Don't forget to copy the new configuration via a call to the `Solr_Configure`
task, and reindex your data before using the spell checker.	

### Limiting search fields

Solr has a way of specifying which fields to search on. You specify these
fields as a parameter to `SearchQuery`.

In the following example, we're telling Solr to *only* search the
`Title` and `Content` fields. Note that the fields must be specified in
the search parameters as "composite fields", which means they should be
specified in the form of `{table}_{field}`.

These fields are defined in the schema.xml file that gets sent to Solr.

	$query = new SearchQuery();
	$query->classes = array(array('class' => 'Page', 'includeSubclasses' => true));
	$query->search('someterms', array('SiteTree_Title', 'SiteTree_Content'));
	$result = singleton('SolrSearchIndex')->search($query, -1, -1);

	// the request to Solr would be:
	// q=(SiteTree_Title:Lorem+OR+SiteTree_Content:Lorem)

### Configuring boosts on fields

Solr has a way of specifying which fields should be boosted as a parameter to `SearchQuery`.

This means if you boost a certain field, search query matches on that field will be considered
higher relevance than other fields with matches, and therefore those results will be closer
to the top of the results.

In this example, we enter "Lorem" as the search term, and boost the `Content` field:

	$query = new SearchQuery();
	$query->classes = array(array('class' => 'Page', 'includeSubclasses' => true));
	$query->search('Lorem', null, array('SiteTree_Content' => 2));
	$result = singleton('SolrSearchIndex')->search($query, -1, -1);

	// the request to Solr would be:
	// q=SiteTree_Content:Lorem^2

More information on [relevancy on the Solr wiki](http://wiki.apache.org/solr/SolrRelevancyFAQ).

### Custom Types

Solr supports custom field type definitions which are written to its XML schema.
Many standard ones are already included in the default schema.
As the XML file is generated dynamically, we can add our own types
by overloading the template responsible for it: `types.ss`.

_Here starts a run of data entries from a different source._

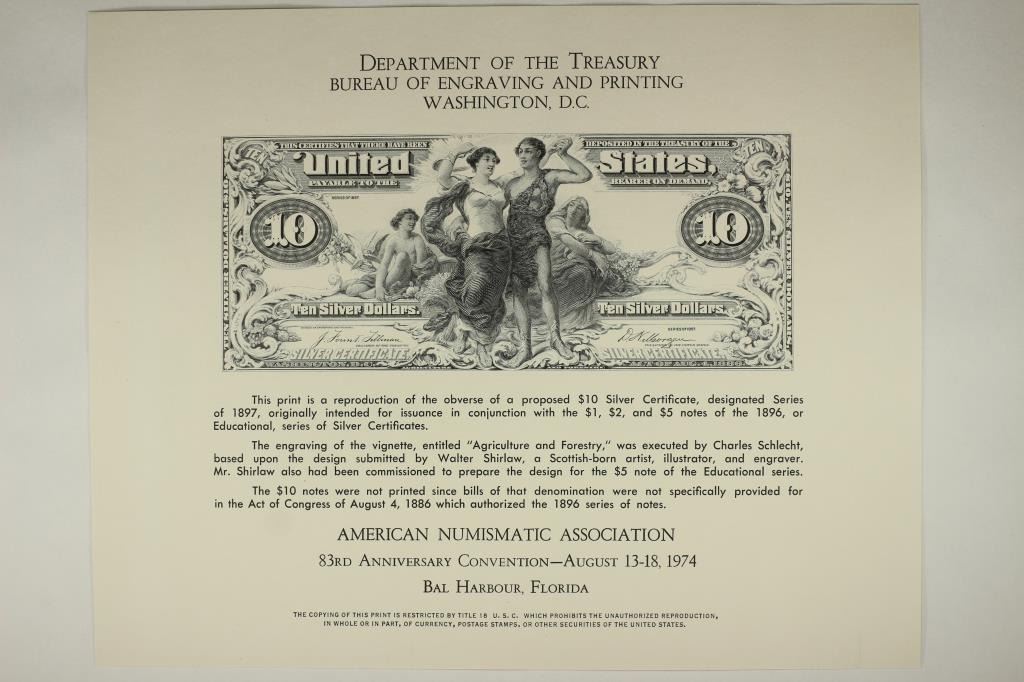 CONVENTION 1974 SOUVENIR CARD PRINTED BY THE BEP WITH REPRODUCTION OF THE OBV. OF A PROPOSED 1896 $10 SILVER CERTIFICATE
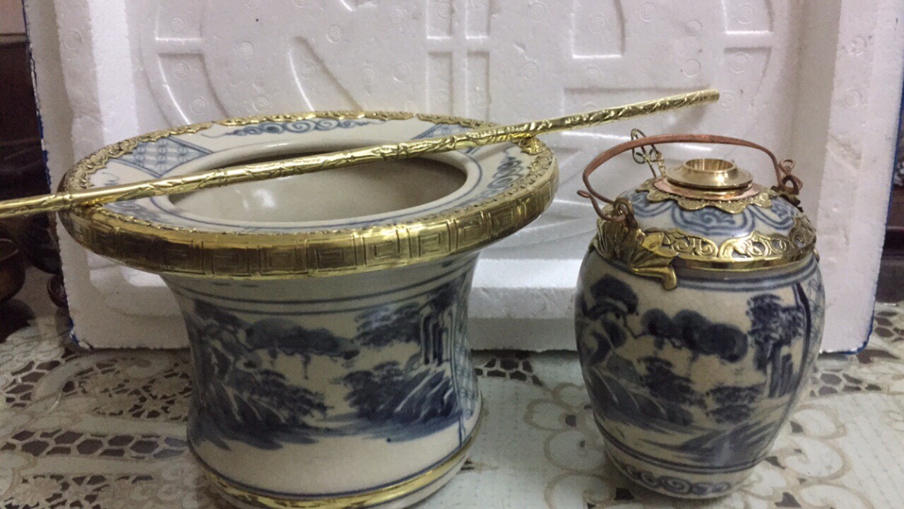 Điếu bát men rạn bọc đồng vẽ Sơn Thủy dáng cao chính hãng gốm sứ Bát Tràng - Điếu bát men rạn bọc đồng cao cấp, kiểu dáng độc đáo, được đúc bằng đồng nguyên
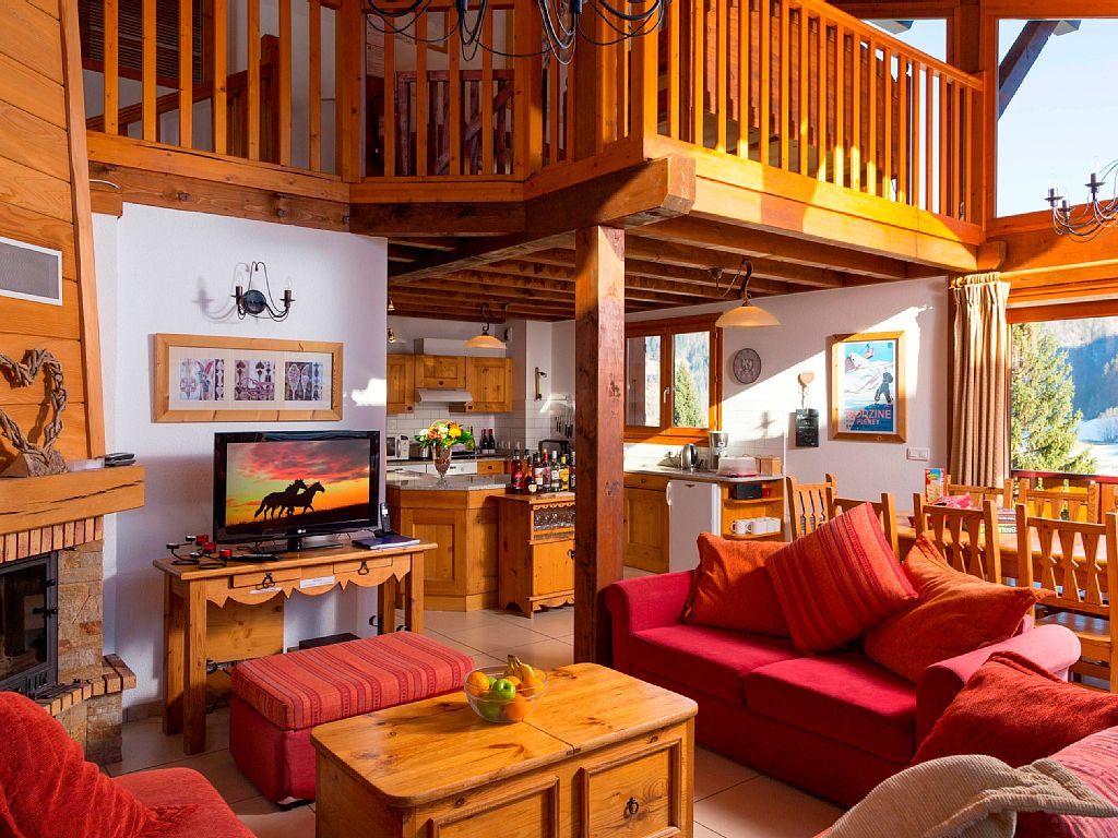 Opening onto a balcony and sun terrace, the fabulous open-plan kitchen, lounge and dining area with TV, DVD, wireless music system and log fire lends itself perfectly to groups wishing to spend quality time together for a dream holiday in the mountains. The mezzanine can be used as a separate small living space, TV room, children’s play area or an extra bedroom to increase capacity to 12 people if required.
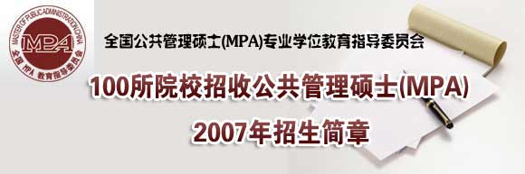 1.2007年,MPA招生院校由83所扩大到100所,所在省、市、自治区由28个扩大到29个,并面向全国各省、市、自治区招生。其中,除98所部属和地方院校,还有中国人民解放军国防科学技术大学、中国社会科学院研究生院。中央组织部将继续推荐政府部门高级管理人员参加全国MPA联考,由北京大学和国家行政学院合作培养。
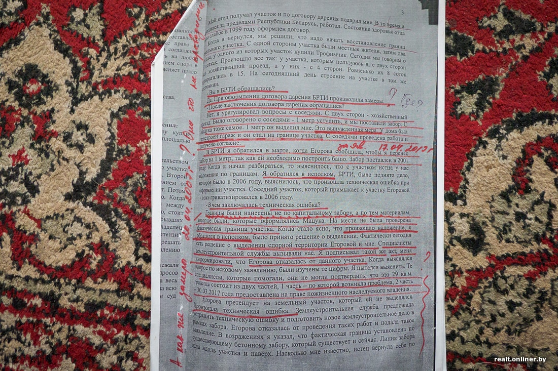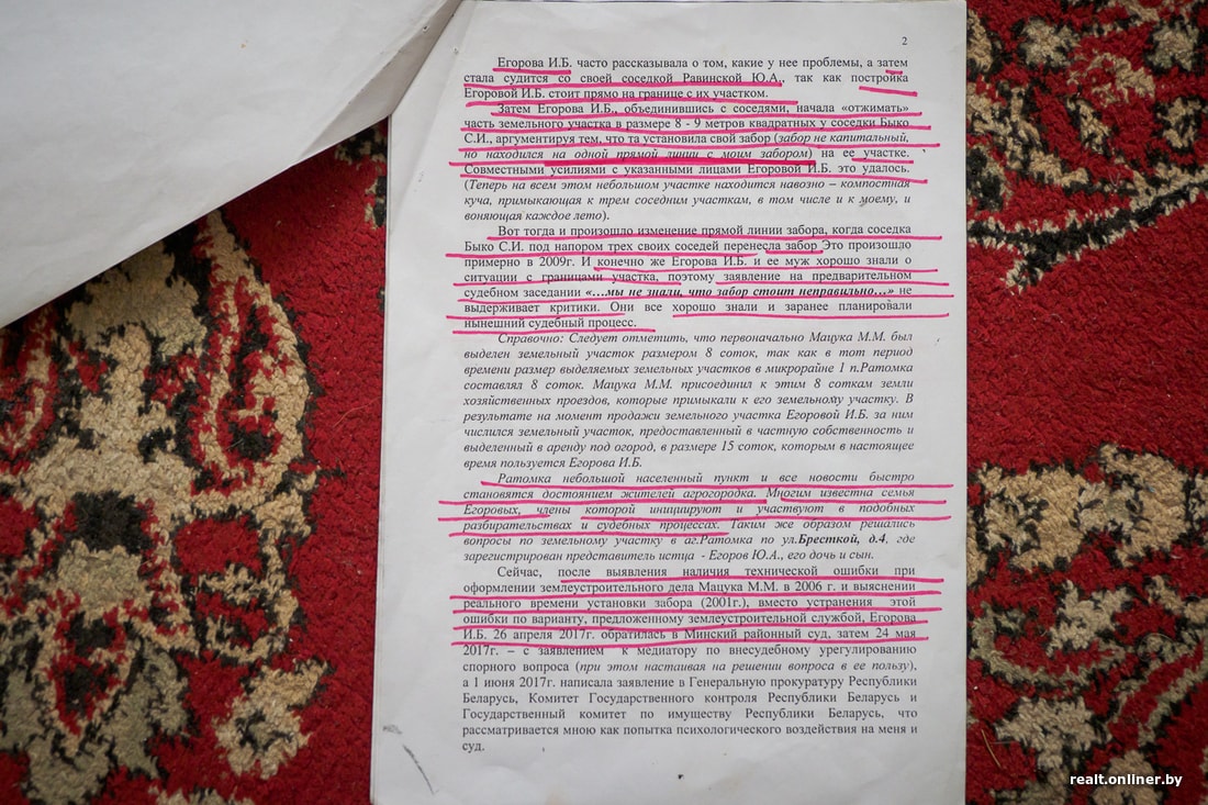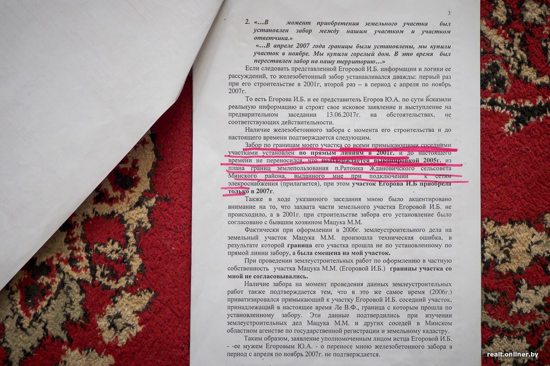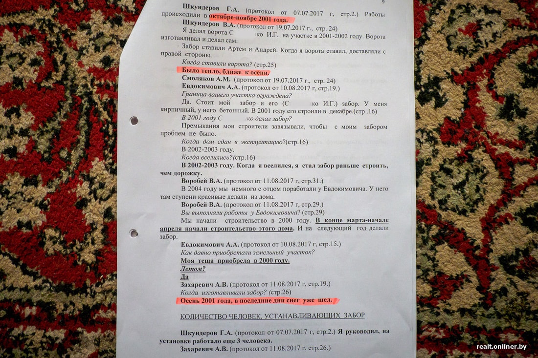 — Я, как и она, еще не ознакомился с материалами дела. Скажу только следующее: прежде чем начинать процедуру в установленном судебном порядке, она написала несколько жалоб на меня в вышестоящие органы. Проводились проверки. Как я понимаю, это была попытка оказать давление на меня, чтобы я согласился с ложной информацией, которую она подала первоначально. Проводились судебные заседания, были опрошены люди, которые занимались этим вопросом (установкой забора. — Прим. Onliner.by).

In the following example, we read out type definitions
from a new file `mysite/solr/templates/types.ss` instead:

	<?php
	class MyIndex extends SolrIndex {
		function getTemplatesPath() {
			return Director::baseFolder() . '/mysite/solr/templates/';
		}
	}

### Highlighting

Solr can highlight the searched terms in context of the matched content,
to help users determine the relevancy of results (e.g. in which part of a sentence
the term is used). In order to use this feature, the full content of the
field to be highlighted needs to be stored in the index,
by declaring it through `addStoredField()`.

	<?php
	class MyIndex extends SolrIndex {
		function init() {
			$this->addClass('Page');
			$this->addAllFulltextFields();
			$this->addStoredField('Content');
		}
	}

To search with highlighting enabled, you need to pass in a custom query parameter.
There's a lot more parameters to tweak results on the [Solr Wiki](http://wiki.apache.org/solr/HighlightingParameters).

	$index = new MyIndex();
	$query = new SearchQuery();
	$query->search('My Term');
	$results = $index->search($query, -1, -1, array('hl' => 'true'));

Each result will automatically contain an "Excerpt" property
which you can use in your own results template.
The searched term is highlighted with an `<em>` tag by default.

Note: It is recommended to strip out all HTML tags and convert entities on the indexed content,
to avoid matching HTML attributes, and cluttering highlighted content with unparsed HTML.

### Adding Analyzers, Tokenizers and Token Filters

When a document is indexed, its individual fields are subject to the analyzing and tokenizing filters that can transform and normalize the data in the fields. For example — removing blank spaces, removing html code, stemming, removing a particular character and replacing it with another 
(see [Solr Wiki](http://wiki.apache.org/solr/AnalyzersTokenizersTokenFilters)).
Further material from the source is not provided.